There are also some nova cell use cases in industry:

  1. CERN (European Organization for Nuclear Research) OpenStack cluster may be the largest OpenStack deployment cluster currently disclosed. The scale of deployment as of February 2016 is as follows [11]:
    • Single region and 33 cells
    • 2 Ceph clusters
    • 5500 compute nodes, totaling 140k cores
    • More than 17,000 VMs
  2. Tianhe‐2 is one of the typical examples of the scale of China's thousand‐level cluster, and it has been deployed and provided services in the National Supercomputer Center in Guangzhou in early 2014. The scale of deployment is as follows [12].
    • Single region and 8 cells.
    • Each cell contains 2 control nodes and 126 computing nodes.
    • The total scale includes 1152 physical nodes.

9.5.3 OpenStack Cascading

OpenStack cascading is a large‐scale OpenStack cluster deployment supported by Huawei to support scenarios including 100,000 hosts, millions of VMs, and unified management across multiple data centers (Fig. 9.6). The strategy it adopts is also divide and conquer, that is, split a large OpenStack cluster into multiple small clusters and cascade the divided small clusters for unified management [13].

Schematic illustration of an OpenStack cascading architecture.

FIGURE 9.6 OpenStack cascading architecture.

When users request resources, they first submit the request to the top‐level OpenStack API. The top‐level OpenStack will select a suitable bottom OpenStack based on a certain scheduling policy. The selected bottom OpenStack is responsible for the actual resource allocation.
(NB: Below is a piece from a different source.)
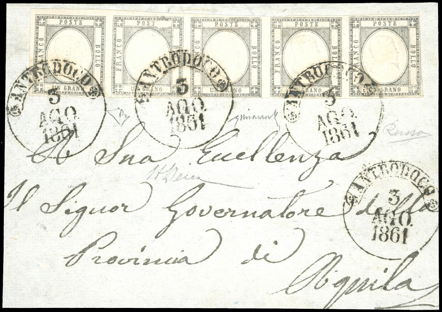 1861 - 1 grano grigio (19da), striscia orizzontale di 5, il secondo esemplare con varietà "senza E di POSTE", ottimo stato, su frontespizio di lettera da Antrodoco 3/8/1861 a L'Aquila. INSIEME UNICO di eccezionale freschezza e rarità. Russo, E.Diena, Chiavarello, cert. A.Diena. (cat.Sassone € 525.000++ in proporzione).

This solution claims to support spanning up to 100 data centers, supports the deployment scale of 100,000 computing nodes, and can run 1 million VMs simultaneously. At present, the solution has separated two independent big‐tent projects: one is Tricircle, which is responsible for network automation development in multi‐cloud environment with networking component Neutron, and the other is Trio2o, which provides a unified API gateway for computation and storage resource management in multi‐region OpenStack clusters.

9.6 CONCLUSIONS

The resource management of data centers is indispensable. The introduction of virtualization technologies and cloud platforms undoubtedly significantly increased in the resource utilization of data centers. Numerous scholars have produced a wealth of research on various types of resource management and scheduling in the data centers, but there is still further research value in many aspects. On the one hand, the resource integration limit still exists in a traditional data center and single‐cloud platform. On the other hand, due to the defects of nonnative management of additional management plugins, existing multi‐cloud architectures make resource management and scheduling often accompanied by high bandwidth and data transmission overhead. Therefore, the resource management of data centers based on the multi‐cloud platform emerges at the historic moment under the needs of the constantly developing service applications.